The biggest novelty of all however, is that George Bush will for the first time be facing a House and Senate both run by the Democrats, setting the stage for almost inevitable confrontation between the White House and the legislature for the last two years of Mr Bush's final term.

As the two sides made their final preparations for the new session, both made symbolic appeals for bipartisanship and co-operation in the public good.

"The next two years can be fruitful ones," Mr Bush wrote in The Wall Street Journal. "We can show people that Republicans and Democrats can come together." Speaking after meeting with his cabinet yesterday on the eve of the new Congress, he urged Democrats to help rein in government spending through the practice of "earmarks", whereby spending projects are secretly slipped into legislation without scrutiny.
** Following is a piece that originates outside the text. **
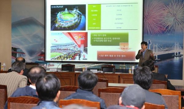 이날 토론회에서는 사직야구장에 대한 위수탁 재계약 기간을 장기화해야 한다는 지적도 나왔다. 현행 3년으로 명시돼 있는 부산시와 롯데의 위수탁 계약 기간을 20년 이상 장기화해야 한다는 것. 김동진 롯데 자이언츠 전략사업팀장은 "사직야구장 위수탁 재계약 기간이 너무 짧다 보니 그룹 차원에서의 장기적인 발전계획을 수립할 수 없다"면서 "20년 이상 장기계약으로 사직야구장에 대한 투자여건을 마련하는 게 중요하다"고 지적했다.
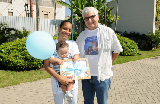 – Este é um evento simbólico. É importante a sociedade se conscientizar de que a amamentação e o cuidado com as crianças são responsabilidade de cada um de nós e não apenas das mães. Parabéns! – disse o presidente da SBP para Natália e sua família.Com o bom exemplo de uma família brasileira que apoia o aleitamento materno , a SBP e a Soperj lançaram, no último sábado, em Madureira, Zona Norte do Rio de Janeiro, a campanha “Amamentar é… mais saúde para a vida inteira!”. O dr. Eduardo Vaz agradeceu à Natália dos Reis Carvalho, 19 anos, que, juntamente com o marido Andersson Torres, 20, com a mãe Maria Aparecida dos Reis, Cida, 41 e com a irmã, Monique Victória Dias dos Reis, 15 anos, posou para o material com seu filho Murilo, de oito meses.

He also followed several of his predecessors in asking for a "line item veto", allowing him to veto such individual clauses of a measure without killing the entire bill.

But he warned: "If the Congress chooses to pass bills that are simply political statements, they will have chosen stalemate" - a clear threat that he would use his veto to block bills he does not like. With only small majorities in both chambers, the Democrats have no chance of assembling the two-thirds majority required to overrule him. Indeed, the veto shadow hangs over the raft of measures that Ms Pelosi intends to push through the House in its first 100 hours of business in the next two weeks.

They include relatively uncontroversial items such as tighter ethics rules for Congressmen in the wake of recent lobbying scandals, and an increase in the minimum wage from $5.75 (£3) to $7.25 per hour - the first such boost since 1997, and a plan Mr Bush has signalled he will not oppose.

Other proposals are almost certain to run into White House objections, among them a vote on expanding embryonic stem cell research, an idea that has wide public support but which Mr Bush blocked in 2005 on the only occasion he has wielded the veto in his six years in office.

Equally uncertain is the fate of the Democrats' plan to vote down a ban on the government negotiating with the politically powerful pharmaceutical companies to lower drug prices under the Medicare public health programme.

The "100 hour" initiative will also be an early test of how the Democrats intend to run Congress after 12 years in the minority when they were increasingly cut out of the legislative process. During the mid-term campaign, Ms Pelosi and her colleagues promised to give a Republican minority a greater say in shaping legislation. However, many Democrats want the party to give as good as it got.

One thing that will not change is the rules for television coverage of the House, which is currently limited to close-up images of floor speeches. The rules do not allow panning shots that would show that, in 99 cases out of 100, the speeches were made to an empty chamber. C-Span, the network which covers Congress, pleaded for more flexible rules last month.

But Ms Pelosi refused the request, claiming that the present system "best preserved the dignity and decorum" of the House".